### How to complete this task
Within the entries below, please retype exactly the lines starting with the line that has "Кэмерон показывает Уолшу" and going on through the line that has "Узкая спальня с", but not the pictures.

### Information provided
################

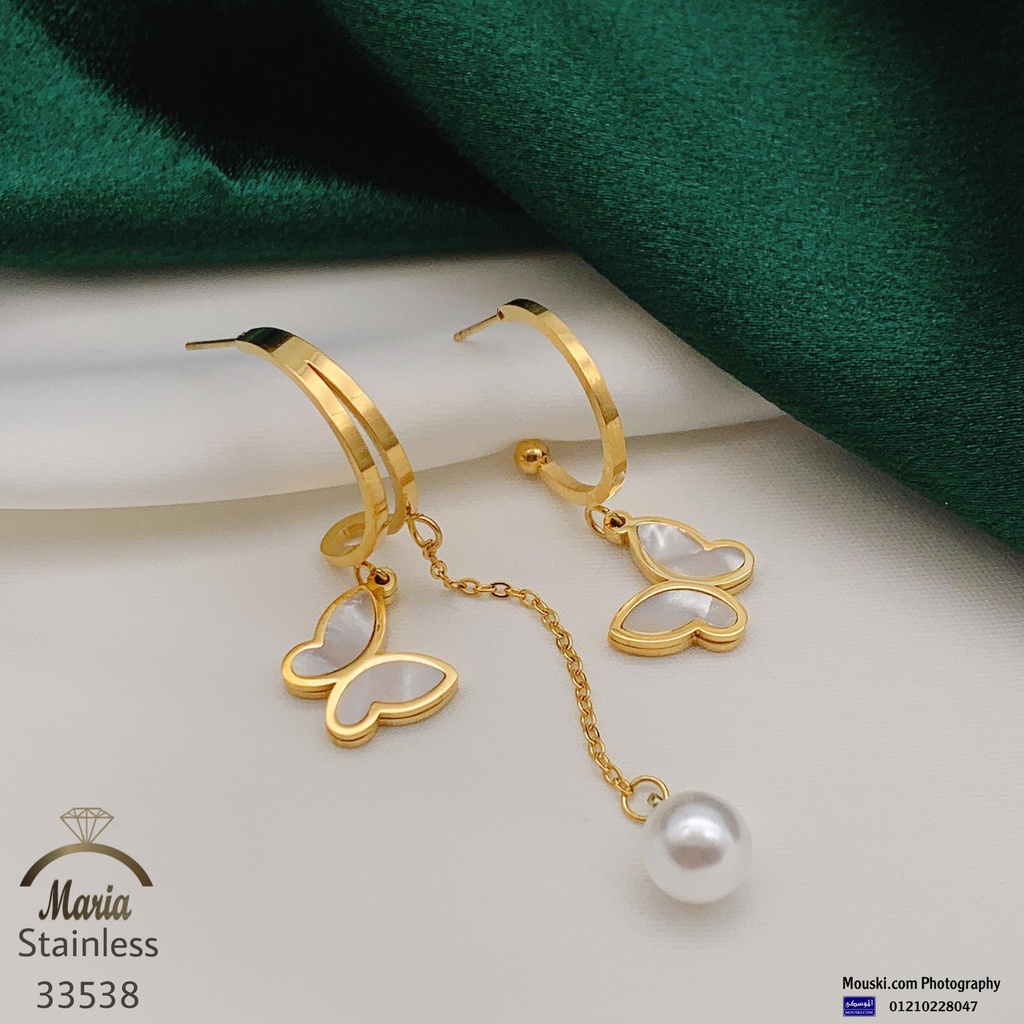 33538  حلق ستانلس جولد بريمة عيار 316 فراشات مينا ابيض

################

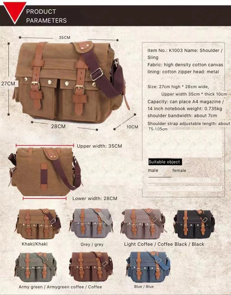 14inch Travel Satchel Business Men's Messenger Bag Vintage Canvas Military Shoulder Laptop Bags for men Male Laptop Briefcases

################

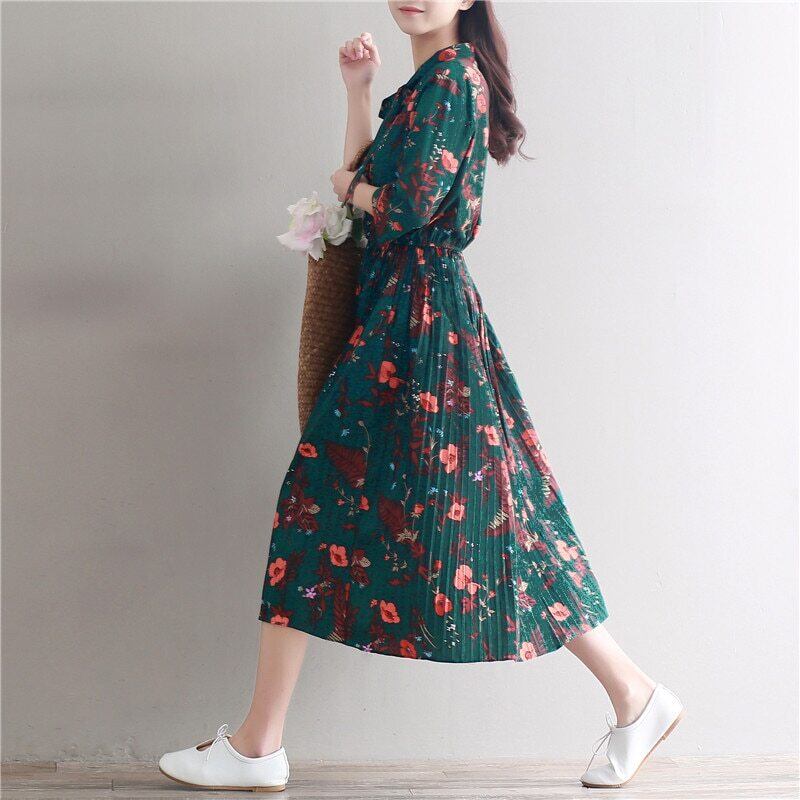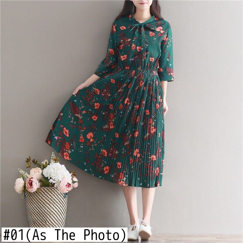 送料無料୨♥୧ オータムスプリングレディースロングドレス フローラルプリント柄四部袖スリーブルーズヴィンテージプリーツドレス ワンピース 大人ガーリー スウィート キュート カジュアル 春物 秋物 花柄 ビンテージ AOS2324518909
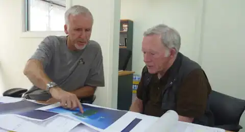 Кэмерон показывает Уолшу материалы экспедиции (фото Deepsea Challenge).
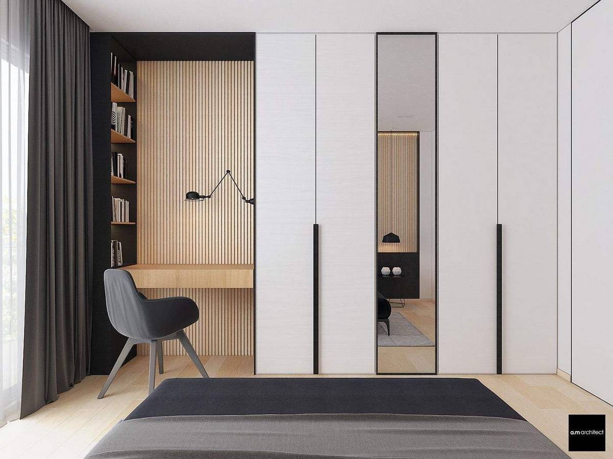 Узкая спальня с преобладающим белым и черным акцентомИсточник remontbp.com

################

### Written answer
 Кэмерон показывает Уолшу материалы экспедиции (фото Deepsea Challenge).
 Узкая спальня с преобладающим белым и черным акцентомИсточник remontbp.com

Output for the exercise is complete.